Maintaining the quick editing pace, Yip still utlizes the classical setup of a long establishing shot (the two combatants face each other), a medium over-the-shoulder shot-countershot (exchanging blows), and then close-ups to emphasize emotional peaks (or in this case, kicks to the solarplexus). The key to this scene is that Yip does not cut in the middle of a gesture – every blow is landed and registered, and his adherence to the classical style keeps their movements oriented in the space. The stage setting alludes to their battle as a dance, as if Hung and Yen were Rogers and Astaire. I suppose they’re fighting it out to see who will lead the next dance.

 

 

 

Astaire’s routines were always filmed in long shot, with his whole body in the frame, and Yip nods to this technique, added with the camera movement required by the more amped up standards of intensified continuity. After the classically edited setup, Yip cuts to an extreme long shot that slowly tracks in to the flailing players as they toss each other to the floor, the dust kicking up like chalk. He also finds a clever way to make Brazilian Jiu-Jitsu (based on ground submissions) look exciting. Yen flings the hefty Hung leftward to the ground, battling for the guard position. Yip, in a strikingly low angle at eye-level to the mat, tracks slowly with the duo as Yen eventually wins out and lands a series of rights. The sequence continues, and ramps up appreciably with small-scale wire work and a dramatic conclusion that wraps up one of the dramatic subplots (Hung’s nascent fatherhood). It’s a tour-de-force.

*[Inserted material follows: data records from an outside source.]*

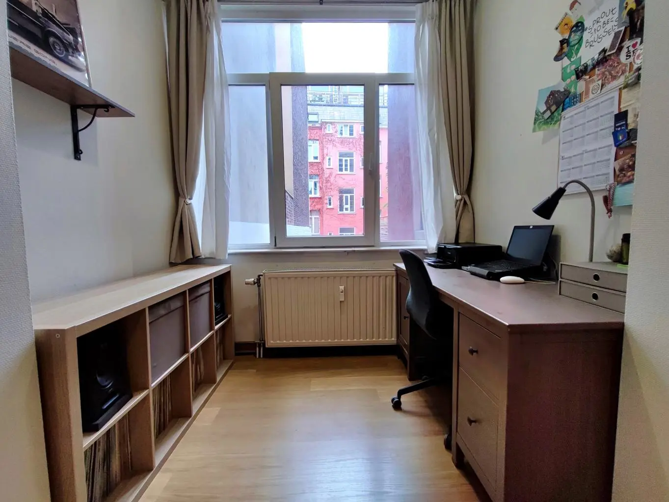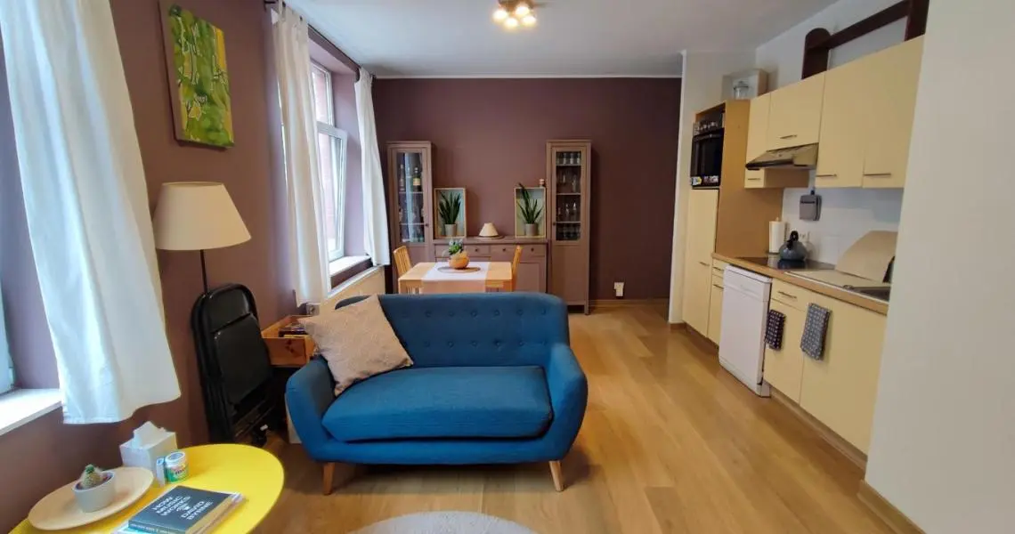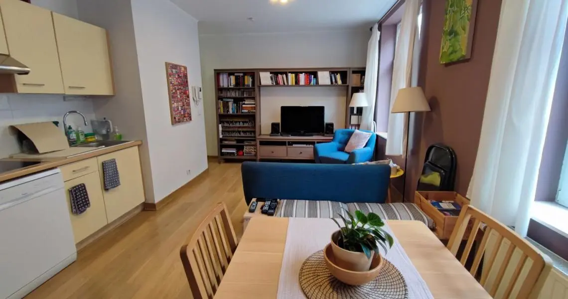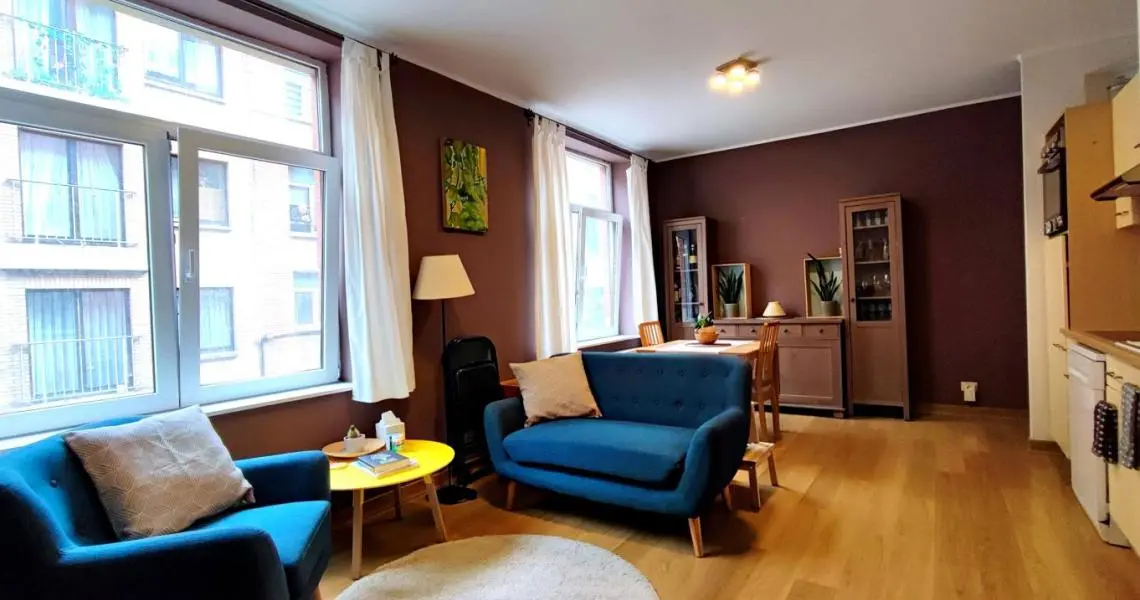 Proximité Centre Ville - Bel appartement partiellement meublé d'une superficie totale de +/-55m² situé à deux pas du métro Louise, comprenant un hall d'entrée, une toilette séparée, un salon/salle à manger avec cuisine murale équipée (frigo, four, taque, lave vaisselle, hotte à filtre) de +/-25m², une chambre de +/-13m² avec coin bureau de +/-5m², une salle de bains de +/-3m² (machine à laver). Un emplacement en cave. Charges : une provision de 270€/mois pour le chauffage et l'eau ainsi que les communs (ascenseur, nettoyage, entretien et électricité des communs).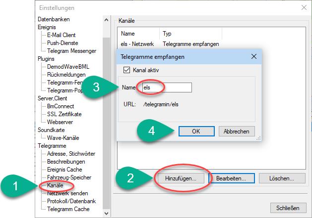 In BOSMON im Menü „Bearbeiten“ → „Telegrammereignisse“ mit dem Button „Hinzufügen“ ein neues Netzwerkereignis zufügen: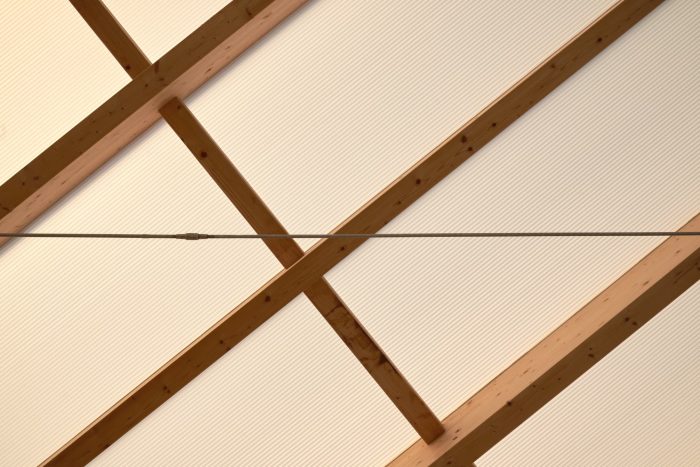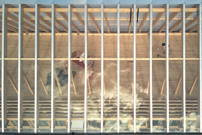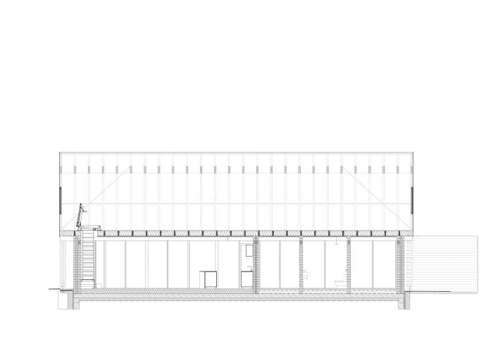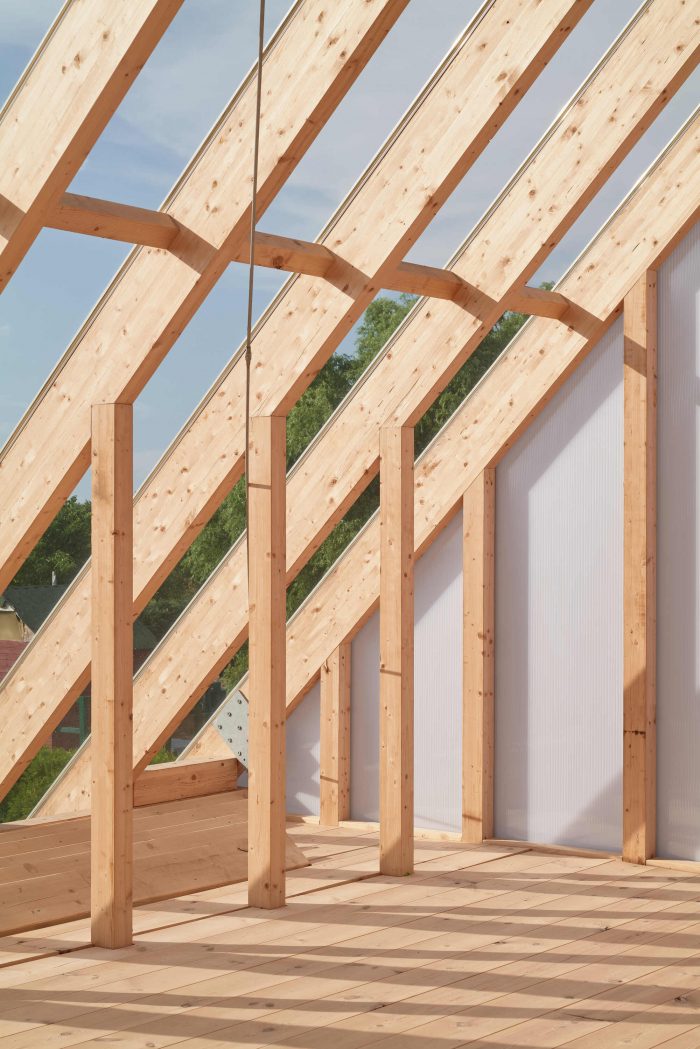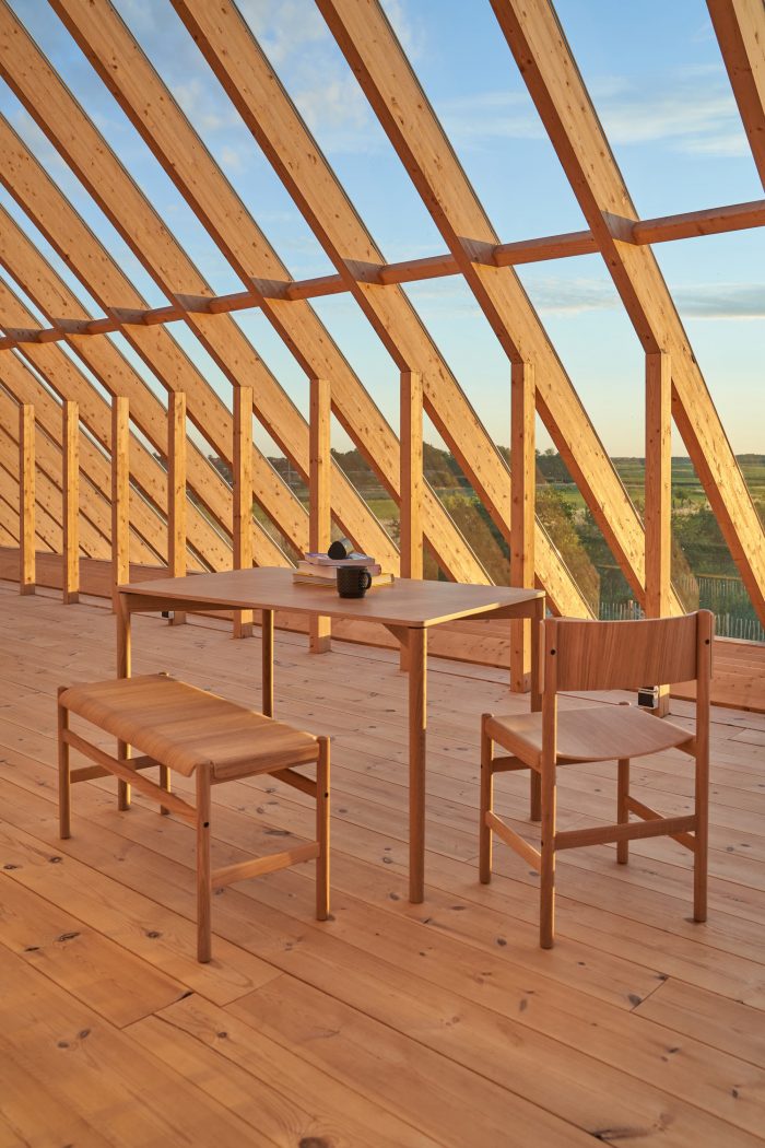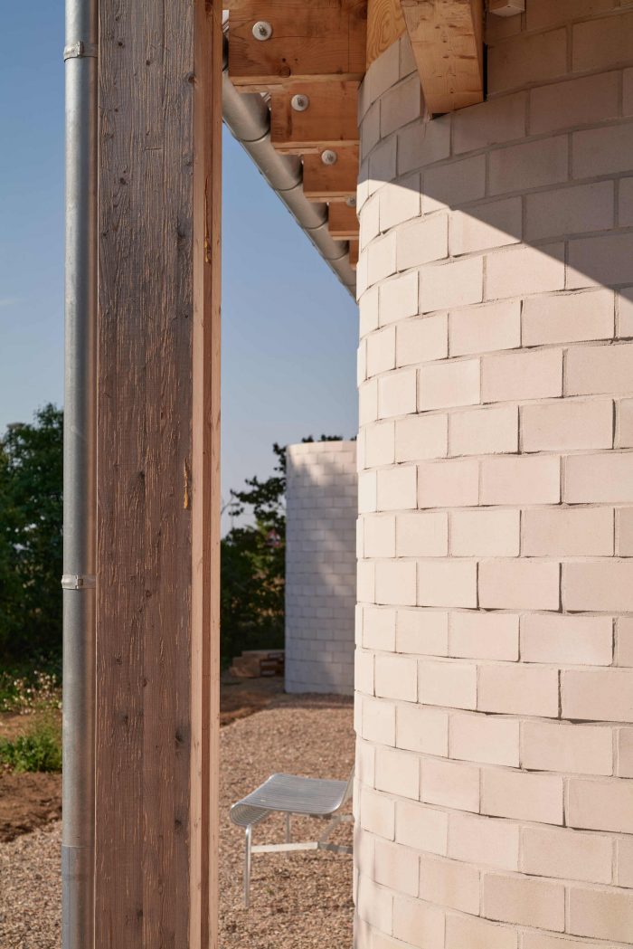 The staircase and the kitchen block are built into solid volumes of concrete bricks that frame the main living space. The curved stone wall is recessed towards the east to create a small court for the first rays of morning sun protected from the wind. The wooden structure of the roof forms a greenhouse on the first floor. It contains a large and bright space that functions as a studio for creative work and a great place to enjoy the view and daylight regardless of the changing weather.

One excuse given as to why films like Taken or the Bourne series don’t have this same kind of coherence is that the actors aren’t as physically trained as martial arts pros like Hung and Yen, and necessarily need stunt doubles, necessitating even faster cuts and less spatial coherence. However, American action films don’t necessarily have to have nuanced fighting styles – just watch the series of haymakers Gregory Peck and Charlton Heston unload on each other in The Big Country (which can be seen in the video slideshow of Dennis Lim’s excellent history of fight choreography at Slate). It’s a stylistic choice, and right now Hollywood filmmakers are making the wrong one. I was initially thrilled by the Bourne series’ propulsive energy, but the more time that passes, the more its fractured editing seems like a dodge.

Ip Man continues Yip’s pattern. This more ambitious title, an bio-pic about Grandmaster Ip Man, who trained Bruce Lee and popularized the Wing Chun style of martial arts (interestingly enough, Wong Kar-Wai’s next project is also a bio-pic about the Grandmaster). The film focuses on his life during the Occupation of China during the Second Sino-Japanese war. Grandmaster Ip Man (Donnie Yen) lives a quiet life with his family before the Japanese Imperialists destroy his small town and reduce his pals to coal miners. Ip Man then commences to beat the holy hell out of evey Japanese person in sight. Yip is not big on subtletly, and one of Japanese Genral Miura’s obsequious assistants tips over into racist stereotypes (big teeth, round glasses, into torture, etc.).

However, once more Yip brings the goods in the action sequences: crisp, elegant, and coherently orchestrated bouts of mayhem. Yen also exhibits a wider emotional range here, his stoic laid-backness tinged with regret and anger. He won’t win any awards, but it’s a solid, nuanced performance. In any case, these two works will have me work backwards into Yip’s career. Next up is Flash Point, the middleman between Kill Zone and Ip, and it promises more fluid Donnie Yen bone-breaking. Ah, the neverending riches of cinema.